Technology Considerations

The following guidelines will help you to choose an appropriate implementation technology and techniques, depending on the type of application you are designing and the requirements of that application:

  • If you require basic support for queries and parameters, consider using ADO.NET objects directly.
  • If you require support for more complex data access scenarios, or want to simplify your data access code, consider using the Enterprise Library Data Access Application Block. For more details about Enterprise Library, see Appendix F "patterns & practices Enterprise Library".
  • If you are building a data driven Web application with pages based on the data model of the underlying database, consider using ASP.NET Dynamic Data.
  • If you want to manipulate XML-formatted data, consider using the classes in the System.Xml namespace and its subsidiary namespaces, or Linq to XML (XLinq).
  • If you are using ASP.NET to create user interfaces, consider using a DataReader to access data to maximize rendering performance. DataReaders are ideal for read-only, forward-only operations in which each row is processed quickly.
  • If you are accessing SQL Server, consider using classes in the ADO.NET SqlClient namespace to maximize performance.
  • If you are accessing SQL Server 2008, consider using a FILESTREAM for greater flexibility in the storage of and access to BLOB data.
  • If you are designing an object-oriented business layer based on the Domain Model pattern, consider using an Object/Relational Mapping (O/RM) framework, such as the ADO.NET Entity Framework or the open source NHibernate framework (see Additional Resources at the end of this chapter for more information).

For guidance on choosing a data access technology, see Chapter 15 "Designing Data Components." For information about the data access technologies available on the Microsoft platform, see the Appendix C "Data Access Technology Matrix."

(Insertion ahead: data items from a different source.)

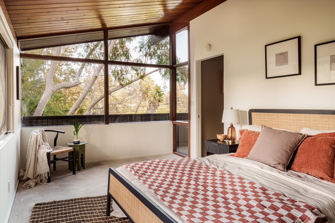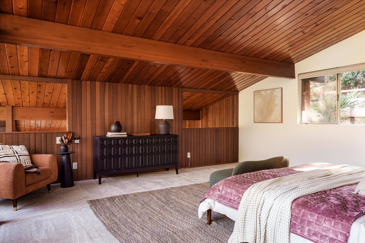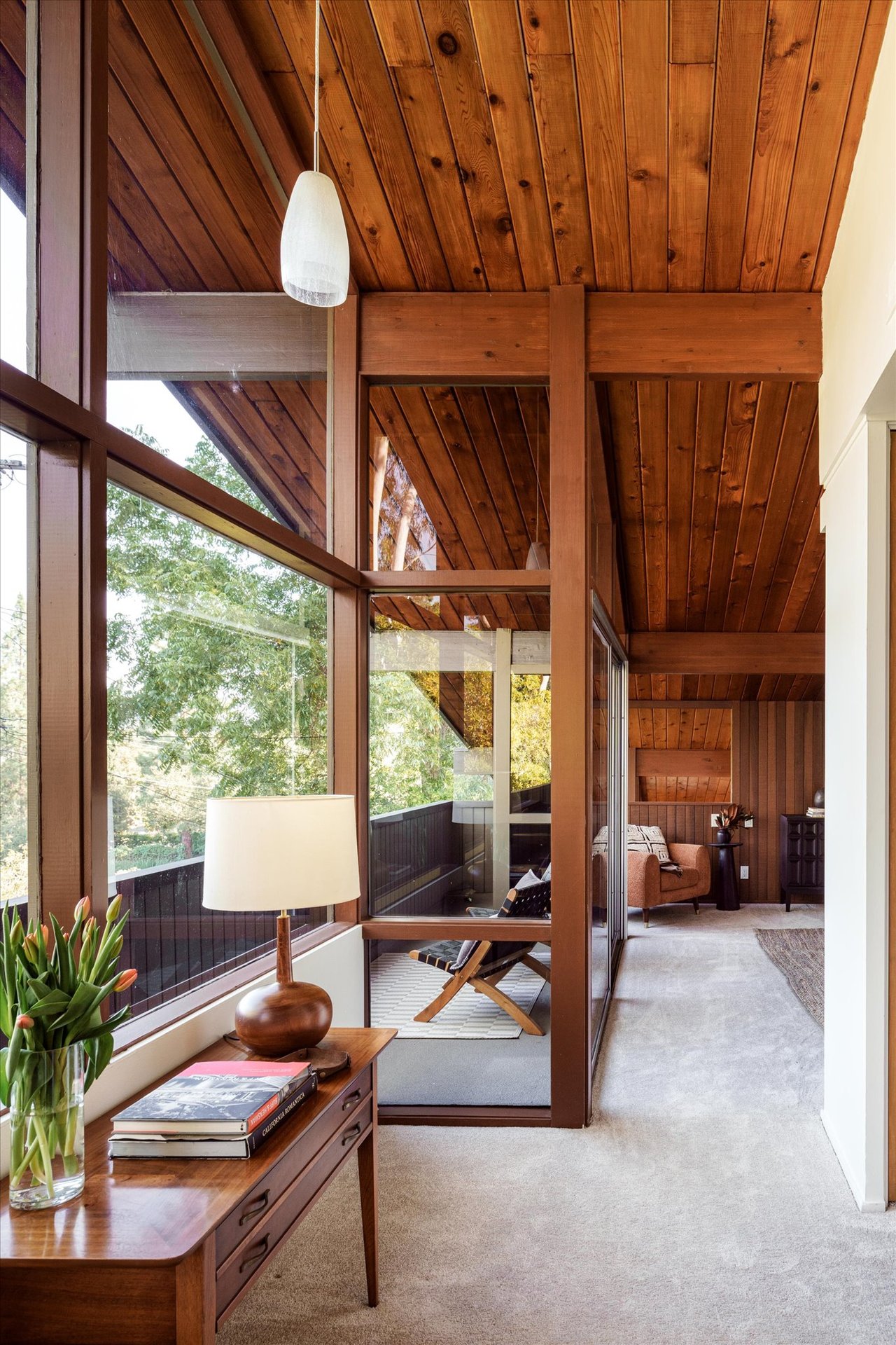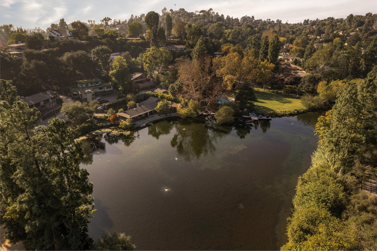 Set behind gates within an exclusive lakeside community, this striking post-and-beam mid-century modern residence offers rare privacy, serenity, and access to a private lake with a pool, park, and recreation area.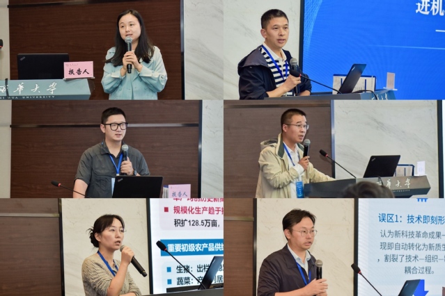 在专家发言环节,多位学者围绕新质生产力与农业农村现代化的相关问题展开深入交流。吉林财经大学全国中国特色社会主义政治经济学研究中心孙立冰研究员以《培育壮大新型农业经营主体,助推农业绿色发展》为题,四川省政治经济学会副会长、四川师范大学经济与管理学院党委书记肖明辉研究员以《数字经济推动四川城乡融合发展的问题及对策研究》为题,西南财经大学经济学院副院长韩文龙教授以《辩证认识新质生产力的科学内涵》为题,四川农业大学马克思主义学院院长何思妤教授以《数字化转型:农业新质生产力与乡村特色产业融合的路径》为题,tyc41183太阳成集团马克思主义学院院长冯永泰教授以《中国式农业现代化的核心议题与路径创新》为题,四川省政治经济学会副会长、四川大学马克思主义学院纪志耿教授以《中国式农业农村现代化:文明探源、理论寻根与路向把握》为题,西华师范大学马克思主义学院党委副书记莫秀蓉教授以《农业生产力何以实现由旧质向新质的跨越式转型》为题,成都理工大学社会科学处副处长罗浩轩教授以《农业新质生产力的扩散进程及其影响研究》为题,tyc41183太阳成集团经济学院副院长成欢教授以《银发经济下的新质生产力转化与乡村振兴》为题,tyc41183太阳成集团马克思主义学院教师牟晓明以《“赋能”背后的“负能”:新质生产力驱动农业农村现代化的潜在风险与应对策略》为题,四川省农业科学院农业信息与农村经济研究所总经济师兼产业经济研究中心主任赵颖文研究员以《“十五五”时期四川农业农村高质量发展:战略重点与政策取向》为题,tyc41183太阳成集团经济学院于代松教授以《盘活乡村闲置资产 促进农村养老高质量发展》为题,电子科技大学马克思主义学院周宇晗副教授以《农业数据生产要素化:问题域框架与实践进路》为题,成都理工大学马克思主义学院李俊高副教授以《基于“主体-动力-条件-载体”的城乡融合发展:推进机理、时空特征与实现路径——以四川成都西部片区为例》为题,tyc41183太阳成集团体育学院陈小满副教授以《新质生产力赋能贵州乡村产业高质量发展的实践路径》为题,分别作主题报告。各位专家以扎实的研究、鲜活的案例,为新质生产力和农业农村现代化的实践路径提供了多元解决方案,既有对宏观战略的解读,也有对微观问题的回应,充分体现了学术研究的现实关怀。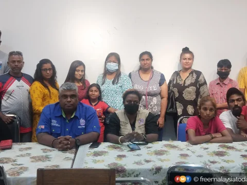Pengasas PKIPN Joseph Prakash (duduk, tiga dari kiri) bersama peniaga Deepavali yang didakwa ditindas, pada sidang media di Shah Alam…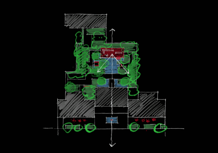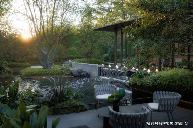 设计充分利用场地周边积极因素,溯源无锡寄畅园。巧于因借,步移景异,置石理水、曲径通幽,融入“门庭、飞瀑、水涧、雅亭、繁花、静林、醒石、清泉”古典造园元素,结合现代人审美营造东方隐奢的气质,大雅至简的空间,洄游于半山半水之间,每走一步是不同风景,每看一眼都有不同的心境。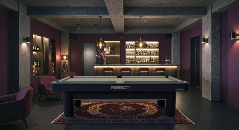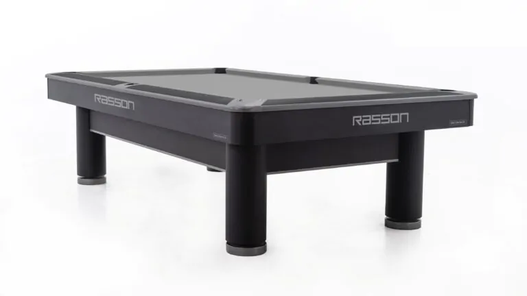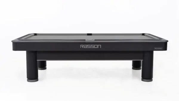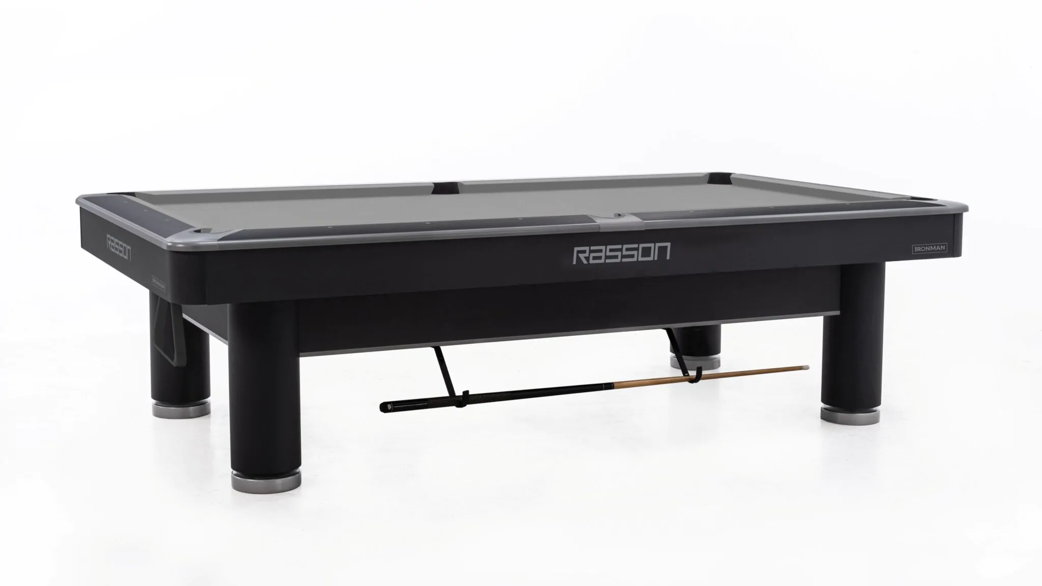 Engineered for strength, precision, and sleek modern appeal, the Rasson Iron Man Pool Table lives up to its name with a bold industrial design and rock-solid performance. Featuring a 25mm thick premium slate, and Rasson’s patented leveling systems, this table delivers uncompromising consistency and accuracy. Its matte black carbon steel legs and low-profile cabinet create a streamlined silhouette, while aluminum alloy trim and anti-warp rails offer long-lasting durability and style. Built to WPA specifications, the Iron Man is ideal for competitive venues, upscale game rooms, or anyone who takes their game seriously.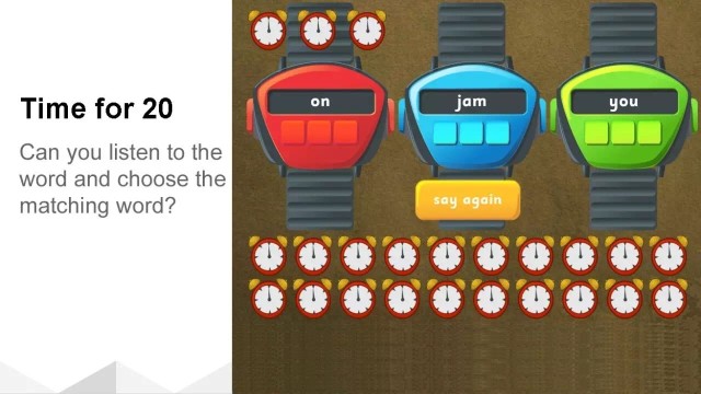 卡通老师开始听写单词了!老师会读一个单词,那么小朋友知道老师读的是哪个单词吗?如果没有听清的话,可以点“say again”按钮再听一遍的!20个单词,聪明的小朋友每个都可以听懂的!

Performance Considerations

Performance is a function of both your data layer design and your database design. Consider both together when tuning your system for maximum data throughput. Consider the following guidelines when designing for performance:

  • Use connection pooling and tune performance based on results obtained by running simulated load scenarios.
  • Consider tuning isolation levels for data queries. If you are building an application with high-throughput requirements, special data operations may be performed at lower isolation levels than the rest of the transaction. Combining isolation levels can have a negative impact on data consistency, so you must carefully analyze this option on a case by case basis.
  • Consider batching commands to reduce the number of round trips to the database server.
  • Consider using optimistic concurrency with nonvolatile data to mitigate the cost of locking data in the database. This avoids the overhead of locking database rows, including the connection that must be kept open during a lock.
  • If using a DataReader, use ordinal lookups for faster performance.

Security Considerations

The data layer should protect the database against attacks that try to steal or corrupt data. It should allow only as much access to the various parts of the data source as is required. The data layer should also protect the mechanisms used to gain access to the data source. Consider the following guidelines when designing for security:

  • When using SQL Server, consider using Windows authentication with an implementation of the trusted subsystem model. For information on the trusted subsystem model, see Chapter 19 "Physical Tiers and Deployment."
  • Encrypt connection strings in configuration files instead of using a System or User Data Source Name (DSN).
  • When storing passwords, use a salted hash instead of an encrypted version of the password.
  • Require that callers send identity information to the data layer for auditing purposes.
  • Use parameterized SQL queries and typed parameters to mitigate security issues and reduce the chance of SQL injection attacks succeeding. Do not use string concatenation to build dynamic queries from user input data.

Deployment Considerations

When deploying the data layer, the goal of the software architect is to consider the performance and security issues in the production environment. Consider the following guidelines when deploying your data layer:

  • Locate the data access layer on the same tier as the business layer to improve application performance unless scalability or security concerns prevent this.
  • If you must support a remote data access layer, consider using the TCP protocol to improve performance.
  • Consider locating the data access layer on a different server to the database. The physical characteristics of a database server are often optimized for that role, and will rarely match the optimum operating characteristics for the data layer. The combination of both on one physical tier is extremely likely to reduce application performance.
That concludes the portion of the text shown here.